Turkey to exhaust diplomacy before striking
Turkey said on Monday it will exhaust diplomatic channels before launching any military strike into northern Iraq to root out Kurdish rebels, who killed at least a dozen Turkish soldiers in fighting over the weekend.
Turkey has built up its forces along the border with Iraq in anticipation of an incursion against rebel bases but Prime Minister Tayyip Erdogan has said he will hold off for a few days to let the United States try to curb the Kurdish separatists.
Washington, in turn, urged the Iraqi government on Monday to act swiftly to stop Kurdish rebels from mounting further attacks in Turkey.
"We do not want to see wider military action on the northern border," White House spokesman Tony Fratto said.
Washington and Iraq have been calling on Turkey to refrain from a military push into the largely autonomous Kurdish region, one of the few relatively stable areas since a U.S.-led invasion in 2003.
The office of Iraqi President Jalal Talabani, a Kurd, told Reuters the rebels would announce a ceasefire on Monday evening.
Erdogan is under pressure from his military and the public to strike in Iraq against the outlawed Kurdistan Workers Party (PKK) rebels, who have killed some 40 soldiers in the past month.

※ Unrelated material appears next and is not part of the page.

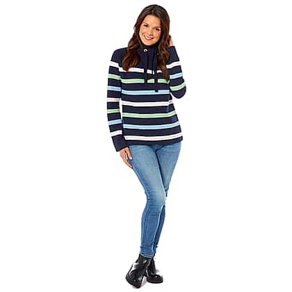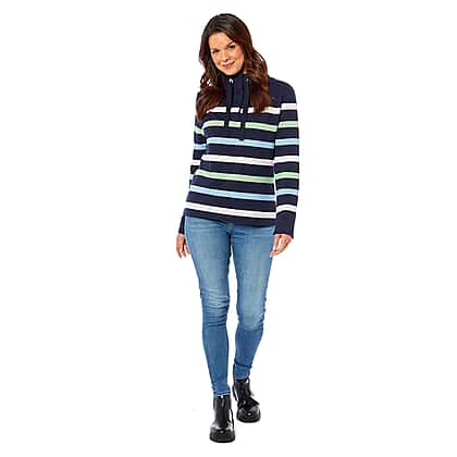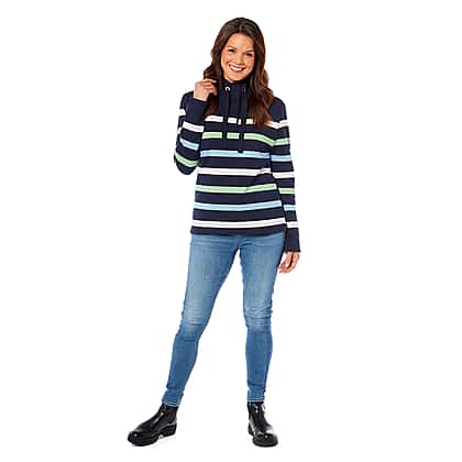 Experience the epitome of comfort and style with this ladies cotton striped sweatshirt. Made from soft, breathable cotton, this sweatshirt ensures all-day comfort. Featuring a unique button neck design, the button-down feature allows you to customise your look effortlessly. This classic piece gets a fashionable twist with the added trendy collar drawstring.

After speaking with U.S. Secretary of State Condoleezza Rice on Sunday, Erdogan agreed to hold off for a few days and he left for an official visit to Britain on Monday.
Erdogan has been resisting a cross-border operation and his foreign minister, Ali Babacan, was quoted on Monday as saying: "We will try all diplomatic means before carrying out any military operation."
But the decades-long fight against the PKK, which wants an independent homeland in southeast Turkey and northern Iraq, is highly emotive and Ankara confirmed eight of its soldiers were missing after the recent fighting.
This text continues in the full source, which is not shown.